Tag Archives: English nobility

Going Greene: Hark! The Herald Angel Sings

photo (2)

Another Friday evening, and once again The Greene Grocer is packed to the rafters with customers. Bubba, as it turns out, owns a small local craft brewery; and his supply of excellent beer is as endless as his enthusiasm to sell it. Tommy Higgins, who is here tonight with the exquisite Mary Robins, is very pleased with himself for having engineered this lucrative new arrangement, and he has not stopped at the libations. He has arranged for musical entertainment, soliciting the services of an authentic Virginia  bluegrass band, led by two bearded and flanneled chaps called Pickens & Grinnen.

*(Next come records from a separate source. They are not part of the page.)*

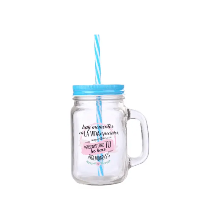 La Jarra de cristal con asa y tapa metálica es un detalle original y práctico, perfecto para regalar en celebraciones, eventos o como recuerdo especial. Su diseño combina el estilo clásico del cristal con un toque moderno gracias a su tapa metálica de color y la caña de PVC a juego.
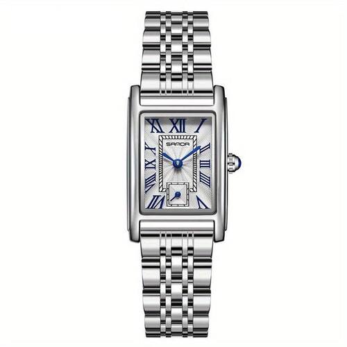 Relógio De Pulso Estilo Lazer E Negócios, Retangular, Ponteiro De Quartzo Prata G
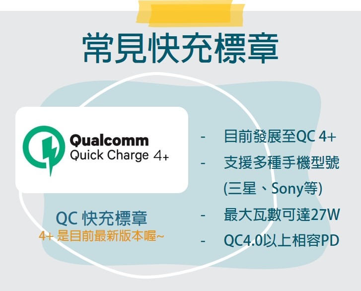 2. 大部分使用高通處理器之手機皆可相容QC快充協議,即使非高通處理器的三星旗艦機目前也支援QC,而QC4.0 及 QC 4+快充協議甚至可以相容PD快充,滿足iPhone快充所需。
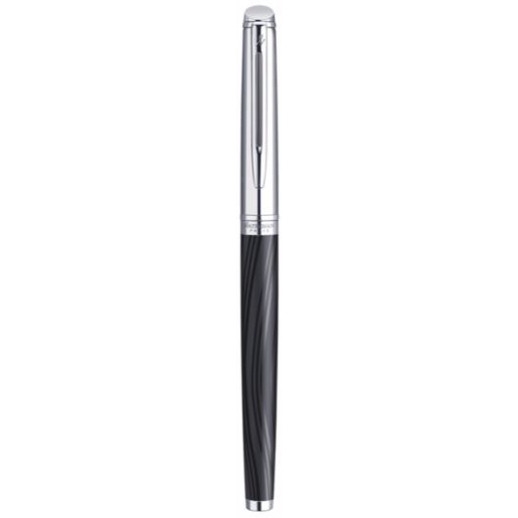 Prosta, elegancka i ponadczasowa linia to elementy wyróżniające kolekcję H_misph_re. Najpopularniejsza seriia Waterman urzeka niezwykłym połączeniem klasyki i nowoczesności. Lśniący, pokryty czarnym lakierem korpus zdobiony falistym grawerem Waterman korpus tworzy idealne połączenie ze lśniącą, platerowaną palladem nasadką. Wykończenia chromowane. Pióro wyposażone jest w stalówkę z wysokiej jakości stali.
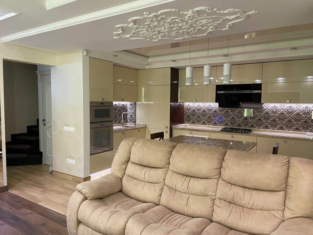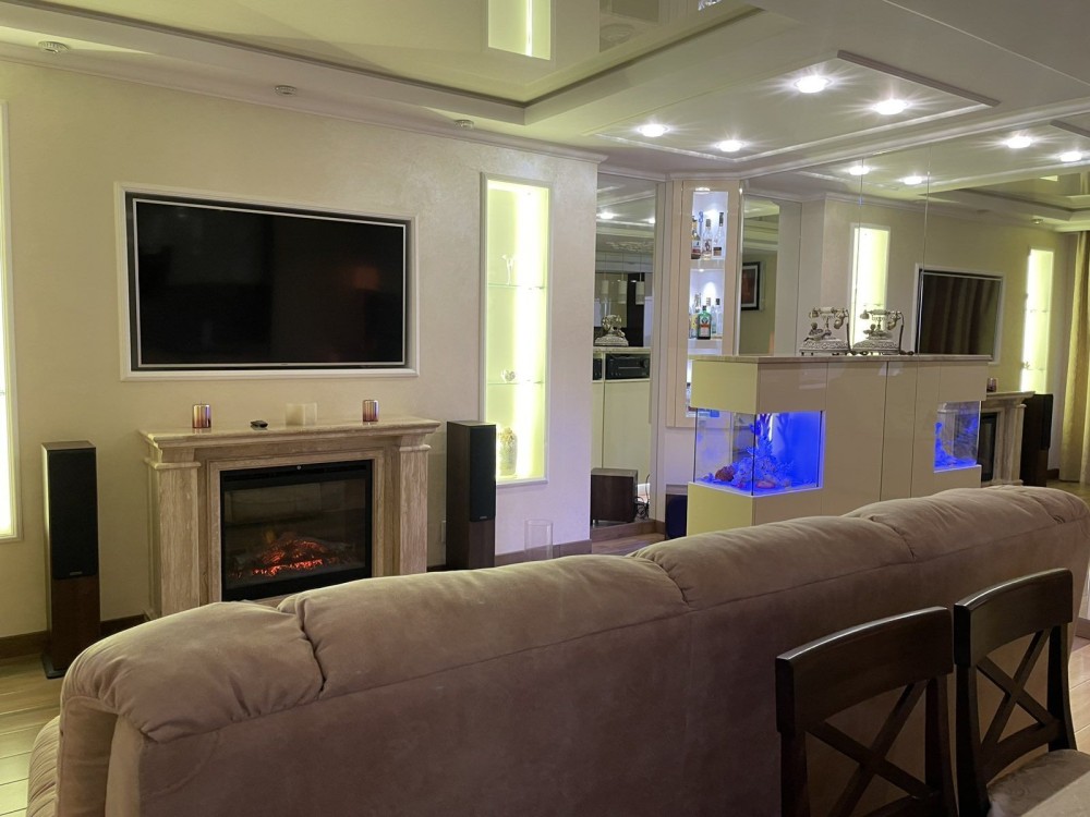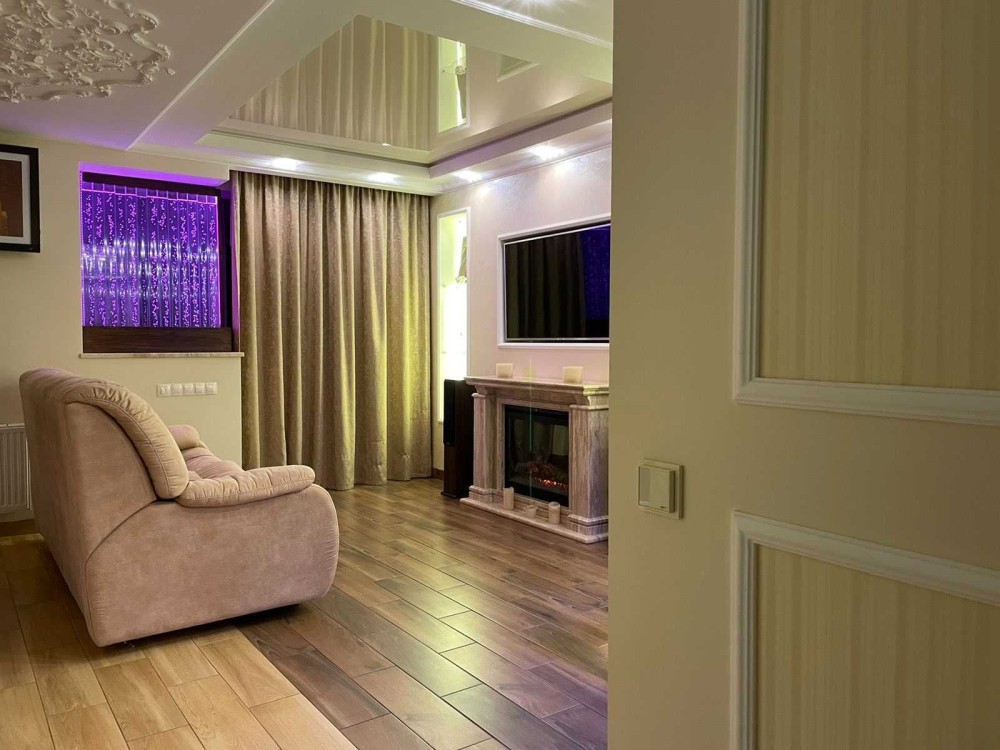 Комфортна велика кухня – studio (всі робочі поверхні кухні, барної стійки та камін виготовлені з італійського мармура): італійське обладнання (газова плита, багато функціональна духовка, мікрохвильова піч, витяжка, посудомийна машина, холодильник, холодильник для вина, пароварка, кавоварка, подрібнювач їжі, двоконтурний газовий котел, фільтр система 5-ти компонентної очистки води, кондиціонер); комфортний стильний диван; домашній кінотеатр; багаторівнева зручна підсвітка; великий французький панорамний балкон + 2 відкритих балкона з окремими виходами та прекрасним краєвидом на місто; сухий акваріум; водяна бульбашкова панель.
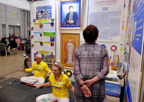 Visitors to the Falun Dafa booth read the information or were given flyers. They watched the exercise demonstration and talked to practitioners. Some learned the exercises on the spot, others bought the books, and asked how to join the group practice site.
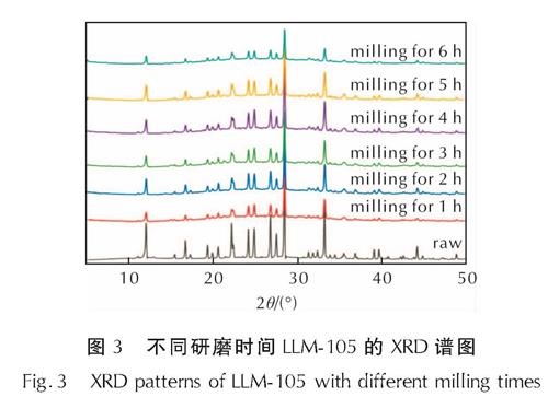 Fig.3 XRD patterns of LLM-105 with different milling times从图3中可以明显看出,原料LLM-105的XRD谱图中峰主要出现在12.1°、28.4°、33.2°,分别对应着(0 1 1)、(-1 -4 1)和(-1 -5 1)晶面。而不同研磨时间下LLM-105的XRD曲线与原料基本一致,XRD峰的位置没有发生变化,也没有新峰产生或消失,表明机械球磨法不改变LLM-105的晶体结构。
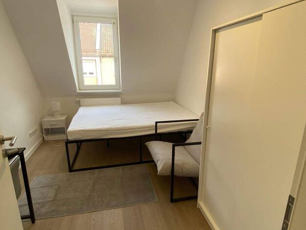 Helles, neu möbliertes und freundliches Zimmer in einer frisch renovierten und hochwertig ausgestatteten 5er-WG im Dachgeschoss. Folgende Zimmergröße steht aktuell zur Verfügung (incl. Betriebskosten...

Bubba has unscrupulously perpetuated the myth that I am English nobility of some sort, and perfect strangers have sidled up to me all night to get a selfie with “Lord Greene.” My protestations have only encouraged Bubba further, and I am now told that he has been telling my customers that I was lately the Prime Minister. One otherwise delightful young woman has even asked me to introduce her to my friend Benedict Cumberbatch.

Twangy banjo and delicate mandolin mingle with the sound of jumbled voices and the smell of fresh produce. An ancient man, well into his cups, begins a creaky jig in time to the music. His Rip van Winkle beard sways in synch with his slim hips, and his eyes sparkle with innocuous mischief. Others join in: two dancers, then ten, then nearly everyone. Before long the shop is a sort of hillbilly mosh pit. I fear for my new shipment of melons.

To my utter surprise the boisterous crowd begins chanting “Mary Robins! Mary Robins!” and a handful of burly lads lift her up onto the small stage, where she stands next to Pickens & Grinnen. She is smiling, but clearly embarrassed. Someone hands her a microphone and after a moment she opens her mouth.

In my life I have marveled at the wondrous, ethereal music of Johann Sebastian Bach.  I have stood trout fishing in the middle of a Scottish chalk stream and listened to the unmatched music of God’s earth as the crystal waters rushed by me. I have even thought about Heaven, imagining the glorious voices of the angels, rank upon rank, singing with incomprehensible beauty, filling my entire being with wonder and awe. Nothing in my life up to this point, however, has prepared me for the sound I hear when Mary Robins Higgins begins to sing.

I am overcome by sensations I have no words to describe, and tears well up in my eyes. Here in my lowly grocer’s shop, in obscure little Chipping Norton, Virginia, amidst farmers and minstrels and brewers, I taste an unexpected morsel of Heaven on Earth.